There were a few things that my school — St Mary’s Convent, Arklow — had going for it but as far as I was concerned, the choir trumped most other activities. That was on account of the nun in charge, Sister Agnes, who had been, we had heard, a professional singer before she entered the convent. She was brisk, upright, her habit immaculate, with beady blue eyes and the kind of focus that set her apart even in the convent.
Her choir was legendary, at least in our circle. We won every competition we entered, and we entered lots: Dublin, provincial music festivals, Llandudno in Wales. Not winning would have been a source of collective shame, letting down past generations of choristers.
But this time we went further, to Belgium, for a European schools competition. It may have had an EU dimension, because we had to learn the ‘Ode to Joy’ in German.
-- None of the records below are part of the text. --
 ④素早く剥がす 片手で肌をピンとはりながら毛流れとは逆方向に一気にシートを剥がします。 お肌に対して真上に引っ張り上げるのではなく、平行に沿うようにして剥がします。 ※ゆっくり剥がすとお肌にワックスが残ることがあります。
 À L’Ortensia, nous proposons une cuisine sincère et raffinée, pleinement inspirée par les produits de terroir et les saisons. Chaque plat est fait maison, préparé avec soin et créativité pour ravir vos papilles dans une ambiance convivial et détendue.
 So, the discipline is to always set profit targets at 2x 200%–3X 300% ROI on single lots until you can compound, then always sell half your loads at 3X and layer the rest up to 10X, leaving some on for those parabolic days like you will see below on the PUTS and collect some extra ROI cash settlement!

The repertoire included a difficult Pater Noster, something by Kodaly, an Irish lament, a brisk little jig called ‘Kitty, My Love, Will You Marry Me?’ and an alphabet song based on Mozart.
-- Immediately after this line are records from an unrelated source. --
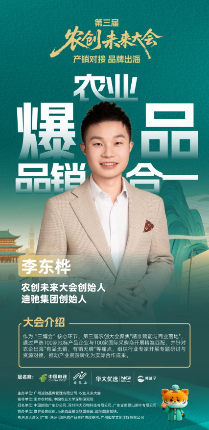 作为“三博会”的核心亮点之一,第三届农创未来大会由广州迪驰品牌管理有限公司主办,聚焦“赋能农业创新,链接产业未来”,以“大会峰会+三天展位”的创新模式,为全国农业企业搭建集品牌展示、渠道对接、国际交流于一体的高端合作平台。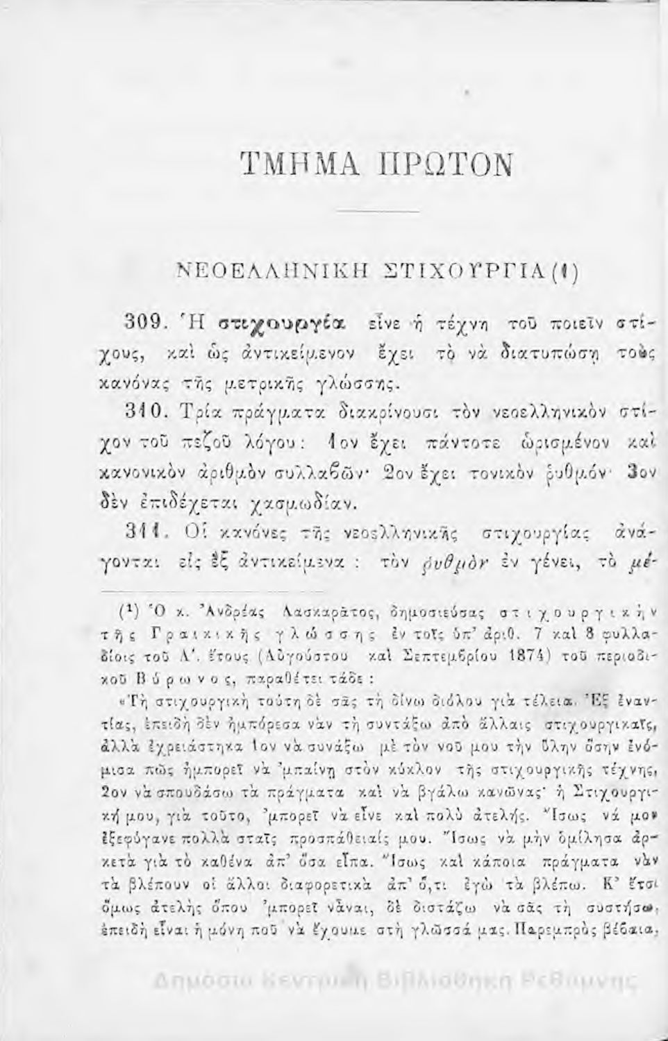 Μαθητικό βοήθημα Αρχαίων Ελληνικών για τα Ελληνικά Σχολεία, Παρθεναγωγεία και Γυμνάσια που περιλαμβάνει γραμματική της αρχαίας ελληνικής και κατάλογο ανωμάλων ρημάτων.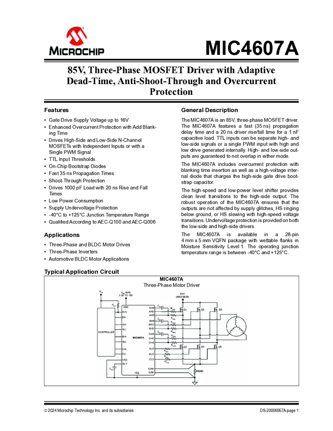 MIC4607A - 85V, Three-phase MOSFET Driver with Adaptive Dead-time, Anti-shoot-through and Overcurrent Protection
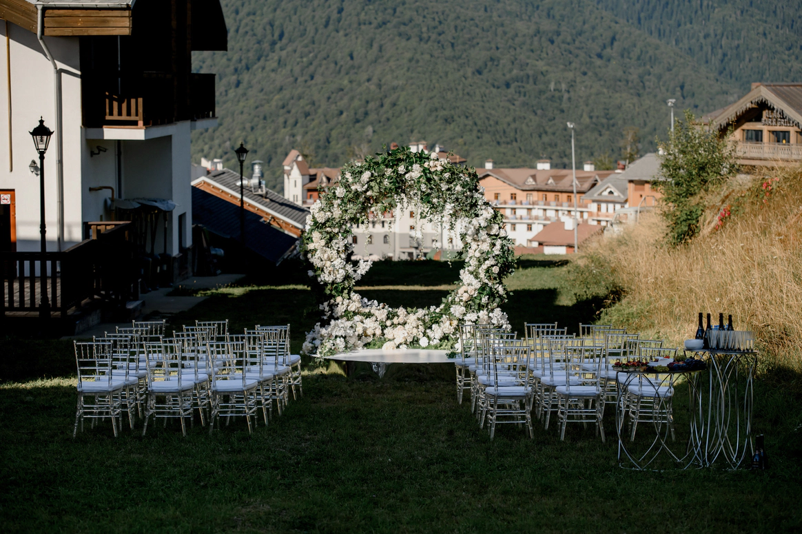 Свадьба на высоте. Роза Хутор — круглогодичный горный курорт в окружении уникальной природы и с самой современной инфраструктурой. Вы можете провести свадьбу или другое торжество и мероприятие в любое время года — на Роза Хутор можно подобрать идеальную для вас площадку круглый год. Каждая локация уникальна и красива по-своему, но неизменным будет одно: горные вершины на 360 градусов, первозданная природа и высокий уровень сервиса. Круглогодичный горный курорт Роза Хутор — это: — более 10 площадок для выездной регистрации вместимостью от 10 до 1000 человек — 20 отелей: гостиничные номера, шале в альпийском стиле, апартаменты и клубные дома — более 20 ресторанов и банкетных залов Основные локации и залы для мероприятий находятся на разных высотах и все они совершенно уникальные по направленности: — для полного таинства мероприятия — атмосферный кемпинг Нахазо. Он находится вдали от туристического потока в окружении первозданной природы и панорамы гор; — для тех, кто ищет сочетание курортной инфраструктуры и природы — в Горной Олимпийской деревне и в Роза Долине; — для масштабных и крупных событий — МКК «Роза Холл». Это самая крупная банкетная площадка курорта. Вам нужно только выбрать то, что подчеркнет ваш неповторимый стиль. Удобное расположение и развитая инфраструктура курорта Роза Хутор не доставит хлопот с трансфером, так как рядом находятся аэропорт, железнодорожный вокзал и скоростная автотрасса, по которой легко можно добраться до курорта от побережья Чёрного моря. Профессиональная команда организаторов мероприятий с радостью поможет реализовать ваши желания. Уют и атмосфера свадьбы будут сопровождаться высокими стандартами обслуживания и полной отдачей команды организаторов Роза Хутор. Дополните торжество неповторимыми эмоциями и теплыми воспоминаниями в окружении сказочной природы и горных вершин.

So two nuns — Sister Agnes was accompanied by Sister Maura, the head — and 40 teenage girls set off from Co Wicklow to Brussels, to be parcelled up into pairs and claimed by assorted families in a Brussels suburb who would be our hosts for a couple of nights. We had packed presents of Irish interest for the families: a bit of Waterford Glass, some Irish linen, Arklow pottery.
For some of the girls it was the first time they’d been away; for most it was the first time they’d stayed abroad with a family.